◆ TASK TO CARRY OUT ◆
In the entries below, find the line with "Oddíl příslušníků Jugoslávského" and the line with "El Ejecutivo pide"; copy them and every line between them exactly, but not the pictures.
━━━━━ INPUT RECORDS
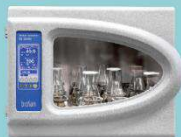
ES-20/80 Орбитальный шейкер
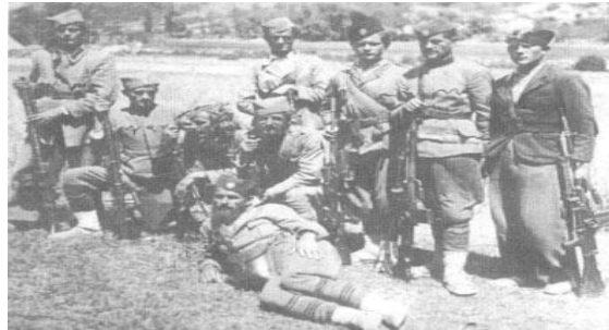
Oddíl příslušníků Jugoslávského vojska ve vlasti
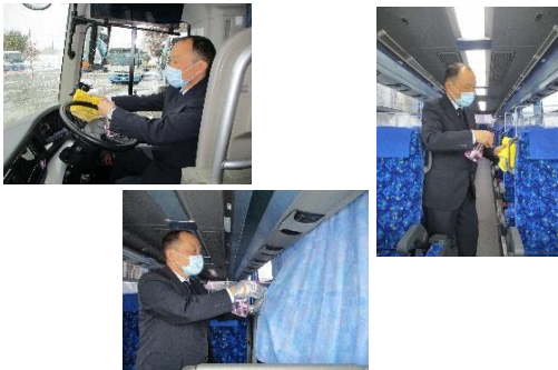
【10.運転席周り、手すり等の清拭消毒、カーテンの消毒液噴霧消毒】
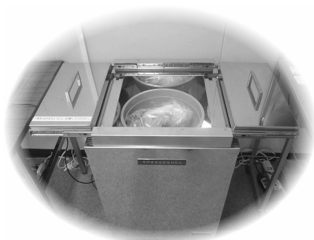
▲きざまずに測定できる非破壊式放射能測定装置
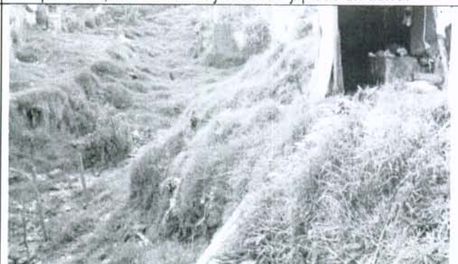
Foto 4. La vivienda colinda con el cauce de la quebrada La Marranera, se evidencian procesos de remoción en masa activos.

Foto 3. Los propietarios de la vivienda rompieron los tubos del alcantarillado para poder controlar los vertimientos de aguas residuales.
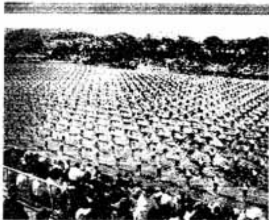
きれいにそろった小学生の棒体操
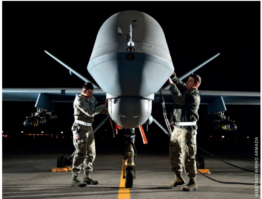
AEBETAKO AIREKO ARMADA

Aireko dronea, lehen begiratuan, goi-teknologiako metalezko aparatua da, zeruak tripulaziorik gabe zeharkatzeko sortua. Gailu hauek telegidatutako hegazkin zaharren
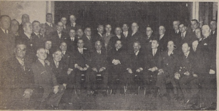
S. E. rodeado de los ex alumnos de la Escuela de Clases.

El Excmo. Sr. Aguirre Cerda fué profesor de ese establecimiento durante varios años
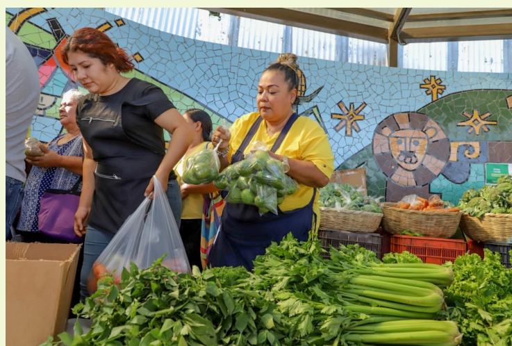
El Ejecutivo pide recortar $20 millones en el Ramo de Hacienda para asignarlos al MAG para el funcionamiento de los agromercados.

El Gobierno pide modificación a la Ley de Presupuesto 2025 en el ramo de Agricultura para asignar $20 millones “para continuar fortaleciendo la capacidad logística de abastecimiento de los agromercados a nivel nacional, los cuales permiten a los pequeños agricultores vender sus productos directamente al público; asimismo, promueven la interacción entre proveedores y consumidores sin intermediarios, ofreciendo productos frescos y de calidad a precios justos, empoderando a los productores y a sus familias”.
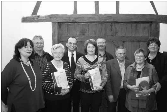
Das Foto zeigt die Besitzer der ausgezeichneten Ferienwohnungen der Verbandsgemeinde Lingenfeld.
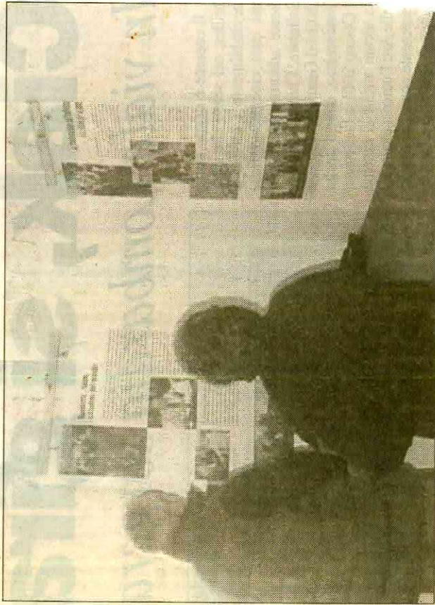
Alcuni pannelli della mostra fotografica "Costruttori di pace" allestita al Castello

Il giapponese Daisaku Ikeda e Daisaku. Scolaresche visitano la rassegna
━━━━━━━━━━
◆ WRITTEN RESPONSE ◆
Oddíl příslušníků Jugoslávského vojska ve vlasti
【10.運転席周り、手すり等の清拭消毒、カーテンの消毒液噴霧消毒】
▲きざまずに測定できる非破壊式放射能測定装置
Foto 4. La vivienda colinda con el cauce de la quebrada La Marranera, se evidencian procesos de remoción en masa activos.

Foto 3. Los propietarios de la vivienda rompieron los tubos del alcantarillado para poder controlar los vertimientos de aguas residuales.
きれいにそろった小学生の棒体操
AEBETAKO AIREKO ARMADA

Aireko dronea, lehen begiratuan, goi-teknologiako metalezko aparatua da, zeruak tripulaziorik gabe zeharkatzeko sortua. Gailu hauek telegidatutako hegazkin zaharren
S. E. rodeado de los ex alumnos de la Escuela de Clases.

El Excmo. Sr. Aguirre Cerda fué profesor de ese establecimiento durante varios años
El Ejecutivo pide recortar $20 millones en el Ramo de Hacienda para asignarlos al MAG para el funcionamiento de los agromercados.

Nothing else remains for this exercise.